What is it with our fascination with Superheroes? Why do we yearn for superpowers and the status of Demigods? Is it an innate human trait we all possess? Is it the eternal question, right after who are we and why are we here?
The symbolism of such a dream is everywhere. In hollywood, ordinary people with a talent for lying are risen on pedestals like gods of olympus. On wallstreet, those who can make a good bet are revered like noblemen.
In the literary world, great writers are akin to great philosophers; thinkers beyond the mere mortal. Why? What is the craving for perfection and the eventual adulation? Little boys are expected to worship their fathers who seem beyond reality, until youth gives way to knowledge and knowing and our fathers are reduced to the mere mortals they are.
Our mothers are goddesses, impervious to pain. They never shrink or fade until that oneday we see them broken, in an act of vulnerability we never knew existed.
When this happens; when our heroes are exposed for the simple people they truly are, we feel cheated. Some of us grow with it. Let the reality of it consume us until we too become the people who are not dreams, fading to black.
But the rest of us, we turn a cheek toward the heroes that never fade, never die. They are perfect in every way that matters. They are impervious to bullets. They can touch the sun without getting scorched. In a blink of an eye they can traverse the planet. They don’t pay bills. They don’t have to walk the dog. They have bigger and better things to do.

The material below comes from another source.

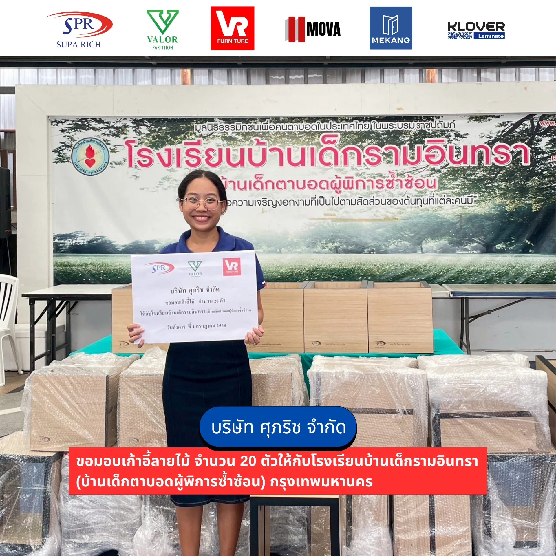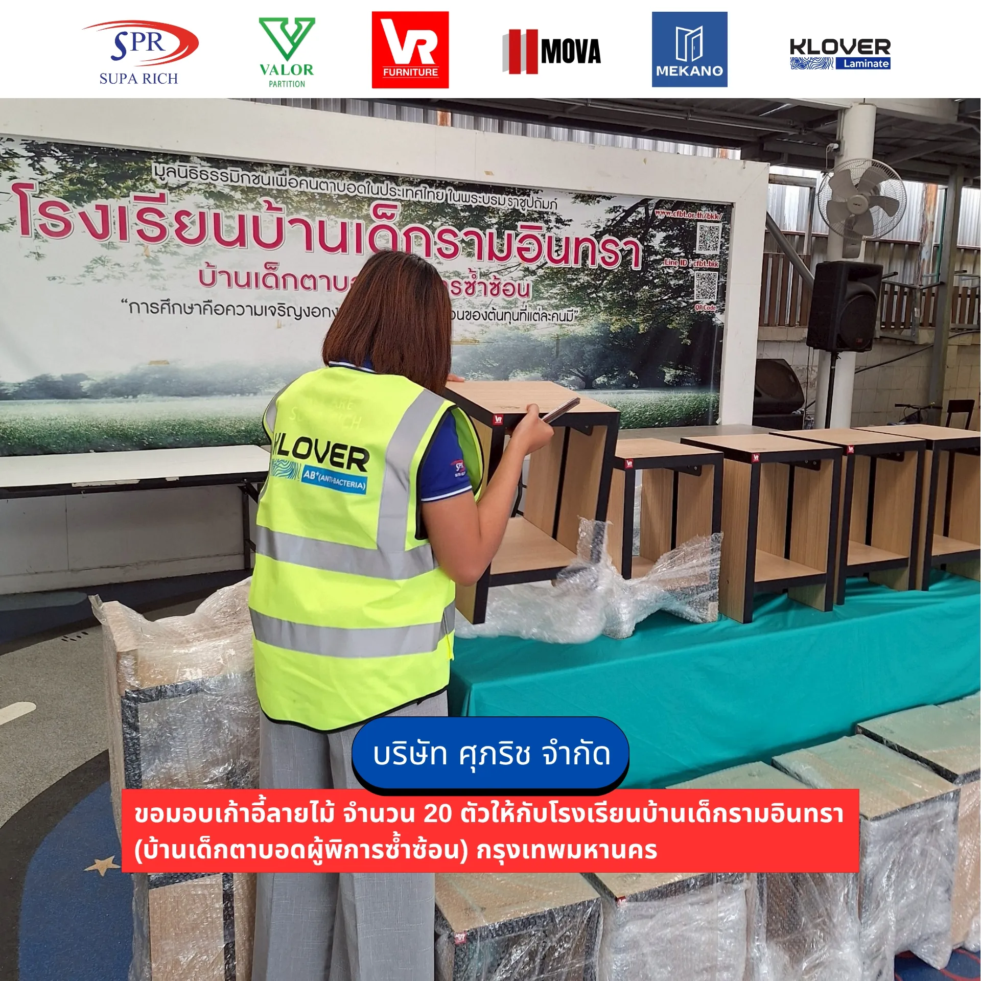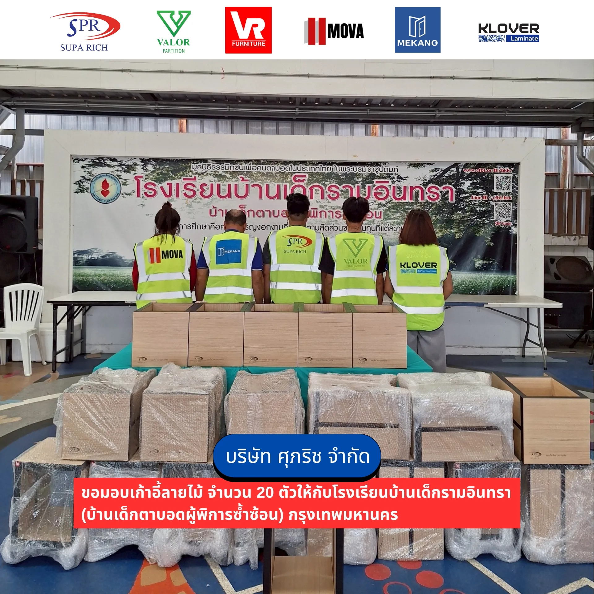 บริษัท ศุภริช จำกัด ขอเป็นส่วนหนึ่งในการส่งมอบความสุขและเติมเต็มโอกาสให้กับน้องๆ โดยการมอบเก้าอี้ไม้ให้กับ "โรงเรียนบ้านเด็กรามอินทรา" (บ้านเด็กตาบอดผู้พิการซ้ำซ้อน) กรุงเทพ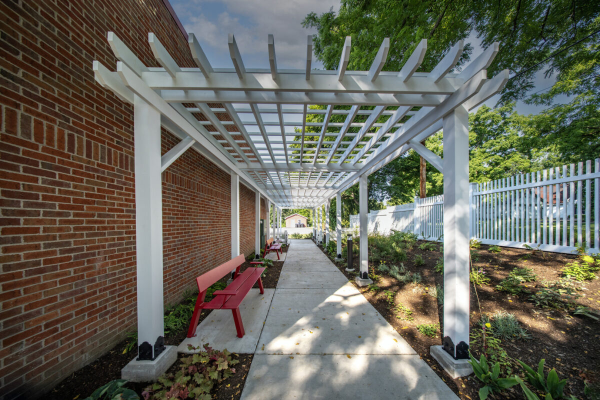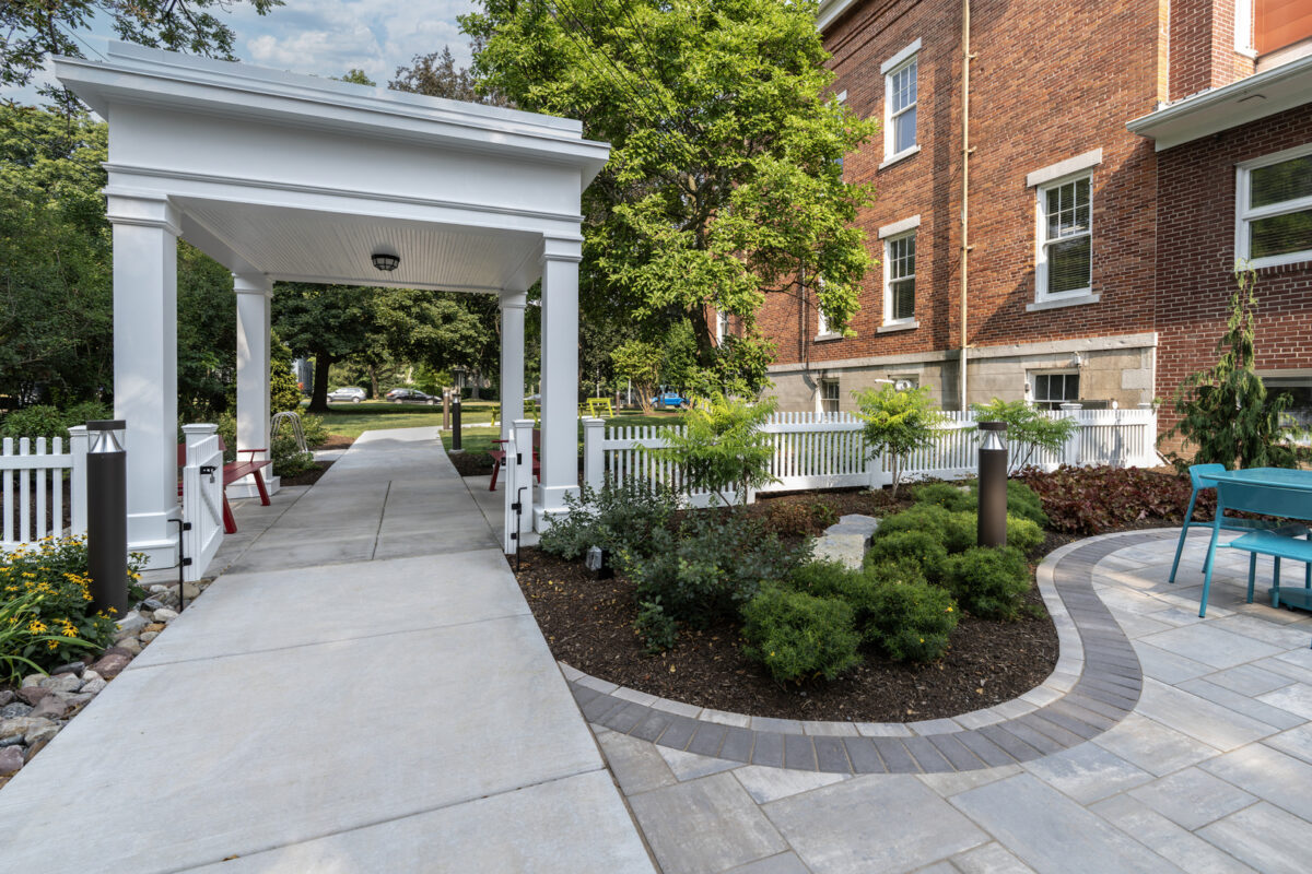 Quiet moments of reading, conversation, and learning now extend beyond the walls of Wood Library and into the landscape itself. The Wood Library Reading Garden transforms the library’s northern grounds in Canandaigua, New York, into an inviting outdoor space that supports reflection, programming, and connection. Developed during the COVID-19 pandemic, the garden responded to immediate disruptions while also serving as a long-term investment in community health, education, and access.

They are versions of the people we want to be.
They are the outward exstensions of the heroes within us all. In this day and age they reside in the pages of a comic book, but in days of old, they were the stuff of legend. Sometimes it seems that their backstories are so real, maybe they were too.
Did Hercules really exist? How about Poseidon, or Athena...Osiris and Isis? Remember Moses? How about Samson? And then of course, there was Jesus. Depending on your religion or heritage, these people were not characters of some transcontinental word of mouth. They were real?
Superhumans are the stuff of fanboys (and fangirls), hollywood blockbusters and Scifi novels today. But why do we still have a love affair with Superhumans?
If they don’t exist; if they are memes of an overactive imagination, then why do we still feel a connection to them? Why do we want to be them? Why do some of us go to bed at night wishing we had the power to save the world? Why bother wasting the prayers when deep down it’s all supposed to be make believe? Maybe there is a very deep reason for superhero worship. What if there was a time when we did have power. The power to do anything but sit at a desk and ruminate?
Ancient Indian texts speak of men in flying vehicles with the power to raze cities to the ground. In Ancient Egypt, tales of the Eye of Ra, and weapons of Thoth are synonymous with our current tales of flying superhumans. Even farther back, in Celtic lore, old kings were christened on a hill that was the home of a superhuman race?
In Sumeria, a superhuman race started an entire civilization of learned men. Our history is replete with the probability of Superhuman existence.
The stories go on and on, from country to country, people to people and to think I pay two dollars and twenty-five cents to read what my ancestors may have lived through. Too bad none of them are around to brag.